# [Task to carry out]
A word-for-word copy of the lines below, starting at the line with "spectrum. | ||" and ending at the last one, is what you should give. Omit every picture.

··· Supplied material ···

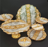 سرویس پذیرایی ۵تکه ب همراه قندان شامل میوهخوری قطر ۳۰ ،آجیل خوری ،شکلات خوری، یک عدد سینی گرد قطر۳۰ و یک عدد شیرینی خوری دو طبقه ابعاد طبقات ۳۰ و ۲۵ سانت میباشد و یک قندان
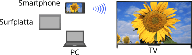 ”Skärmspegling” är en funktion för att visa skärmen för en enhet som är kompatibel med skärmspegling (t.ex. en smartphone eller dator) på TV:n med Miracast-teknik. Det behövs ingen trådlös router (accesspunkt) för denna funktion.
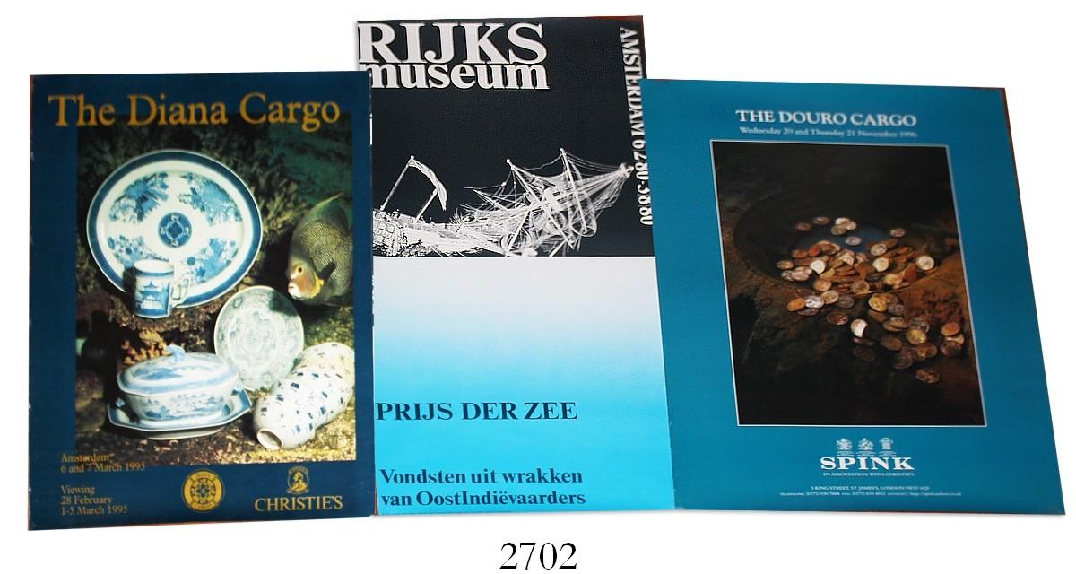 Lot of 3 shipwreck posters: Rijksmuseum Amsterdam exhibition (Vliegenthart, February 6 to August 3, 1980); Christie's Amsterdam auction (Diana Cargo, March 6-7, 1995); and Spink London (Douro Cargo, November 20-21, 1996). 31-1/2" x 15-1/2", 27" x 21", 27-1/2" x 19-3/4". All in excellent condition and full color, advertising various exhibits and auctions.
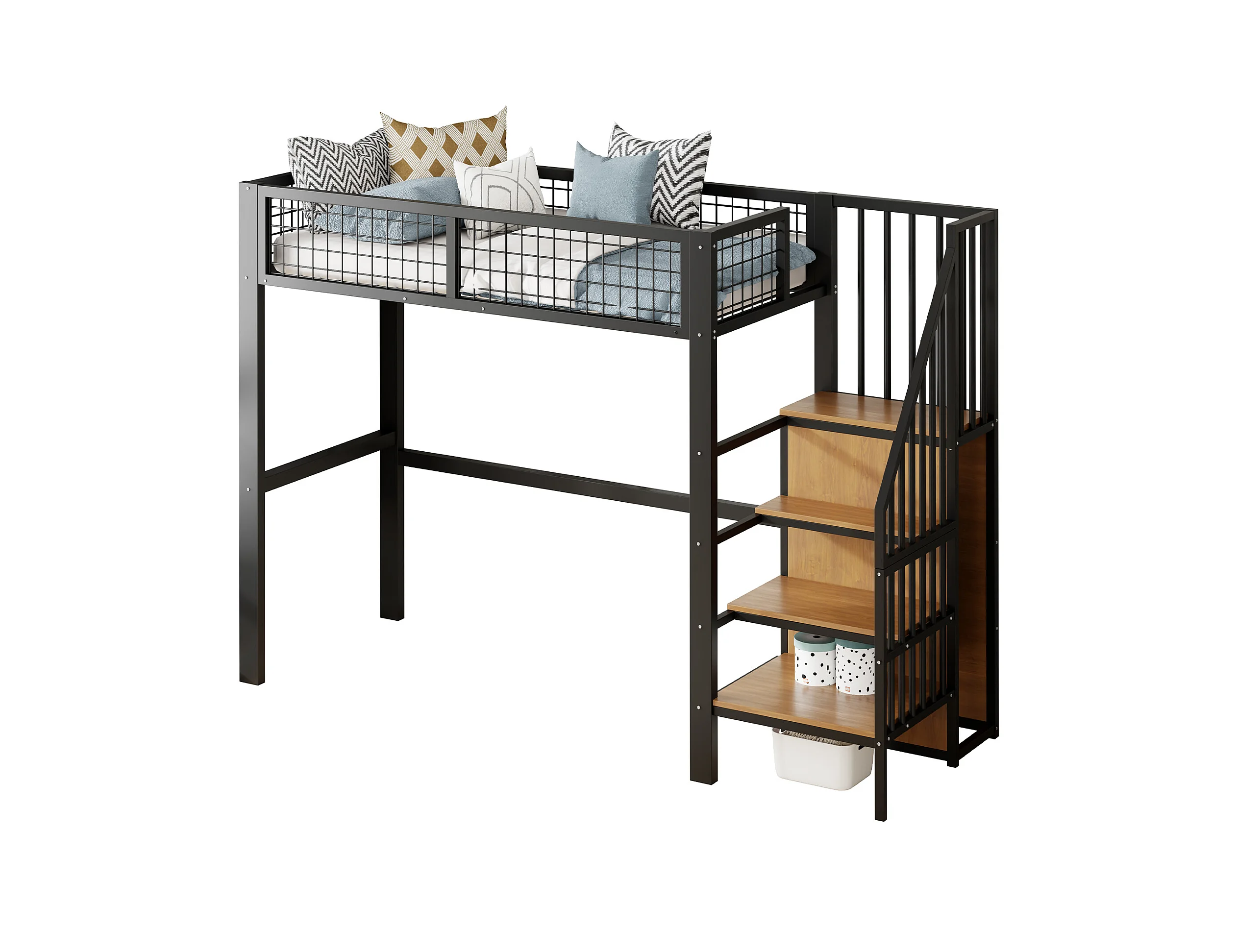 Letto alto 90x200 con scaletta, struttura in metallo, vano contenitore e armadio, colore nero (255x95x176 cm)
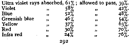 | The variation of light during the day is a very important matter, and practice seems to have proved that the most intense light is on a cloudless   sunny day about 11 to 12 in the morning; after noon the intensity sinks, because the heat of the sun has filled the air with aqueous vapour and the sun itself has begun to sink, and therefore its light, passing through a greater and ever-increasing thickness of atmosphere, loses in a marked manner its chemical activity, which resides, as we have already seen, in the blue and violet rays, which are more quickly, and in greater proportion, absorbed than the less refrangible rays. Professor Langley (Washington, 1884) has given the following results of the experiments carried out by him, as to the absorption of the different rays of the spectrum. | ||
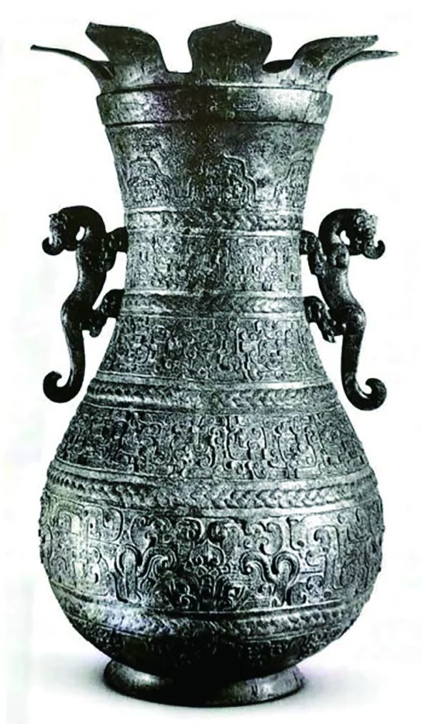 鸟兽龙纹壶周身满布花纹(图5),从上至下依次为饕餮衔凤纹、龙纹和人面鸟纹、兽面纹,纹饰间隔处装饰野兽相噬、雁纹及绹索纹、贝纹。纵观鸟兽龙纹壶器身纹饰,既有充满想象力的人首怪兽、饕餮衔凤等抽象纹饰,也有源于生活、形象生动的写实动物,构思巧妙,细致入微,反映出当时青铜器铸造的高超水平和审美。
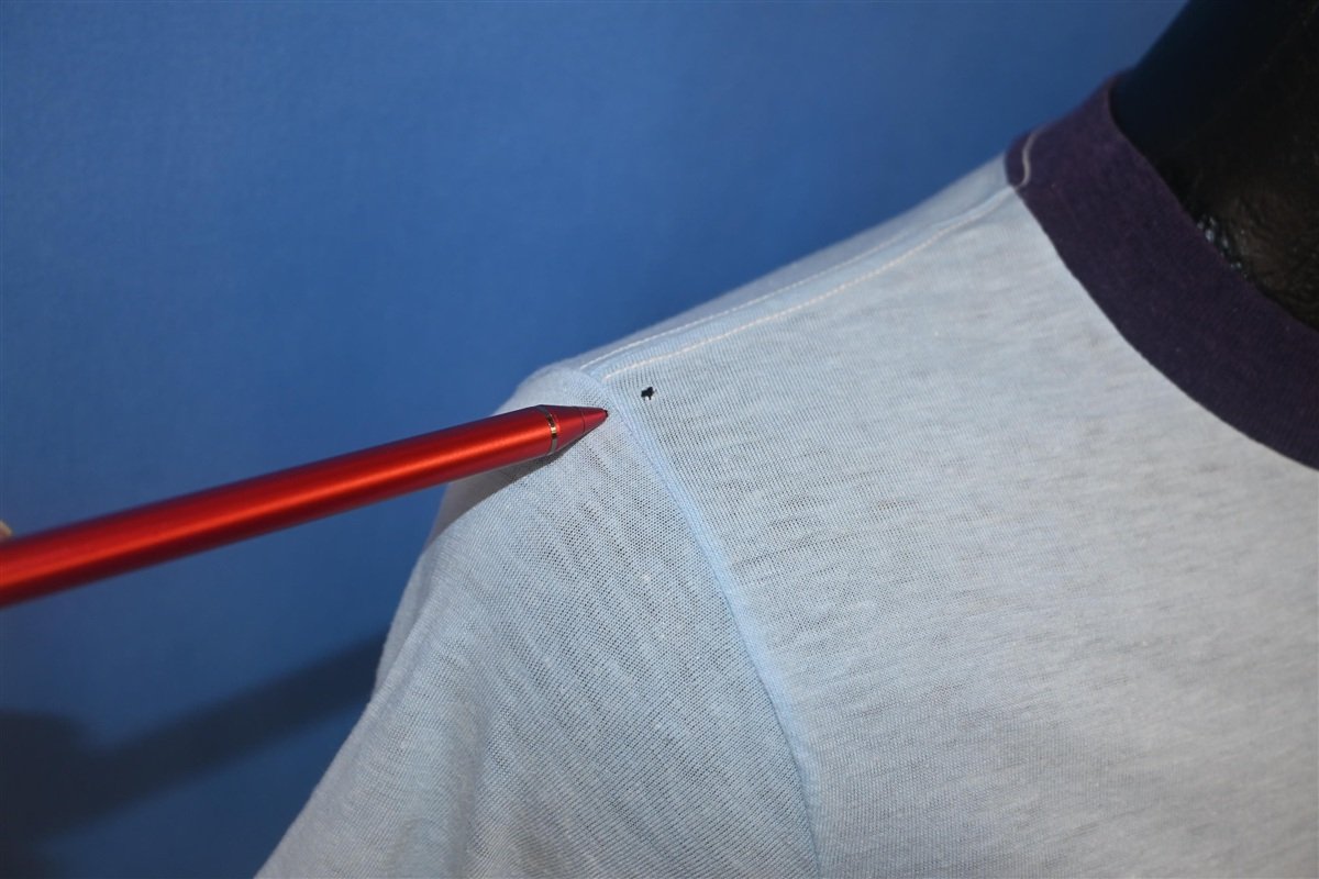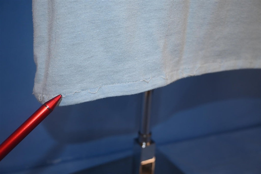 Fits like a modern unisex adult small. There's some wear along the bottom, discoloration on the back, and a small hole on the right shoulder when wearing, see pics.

···

# [Written solution]
 | The variation of light during the day is a very important matter, and practice seems to have proved that the most intense light is on a cloudless   sunny day about 11 to 12 in the morning; after noon the intensity sinks, because the heat of the sun has filled the air with aqueous vapour and the sun itself has begun to sink, and therefore its light, passing through a greater and ever-increasing thickness of atmosphere, loses in a marked manner its chemical activity, which resides, as we have already seen, in the blue and violet rays, which are more quickly, and in greater proportion, absorbed than the less refrangible rays. Professor Langley (Washington, 1884) has given the following results of the experiments carried out by him, as to the absorption of the different rays of the spectrum. | ||
 鸟兽龙纹壶周身满布花纹(图5),从上至下依次为饕餮衔凤纹、龙纹和人面鸟纹、兽面纹,纹饰间隔处装饰野兽相噬、雁纹及绹索纹、贝纹。纵观鸟兽龙纹壶器身纹饰,既有充满想象力的人首怪兽、饕餮衔凤等抽象纹饰,也有源于生活、形象生动的写实动物,构思巧妙,细致入微,反映出当时青铜器铸造的高超水平和审美。
 Fits like a modern unisex adult small. There's some wear along the bottom, discoloration on the back, and a small hole on the right shoulder when wearing, see pics.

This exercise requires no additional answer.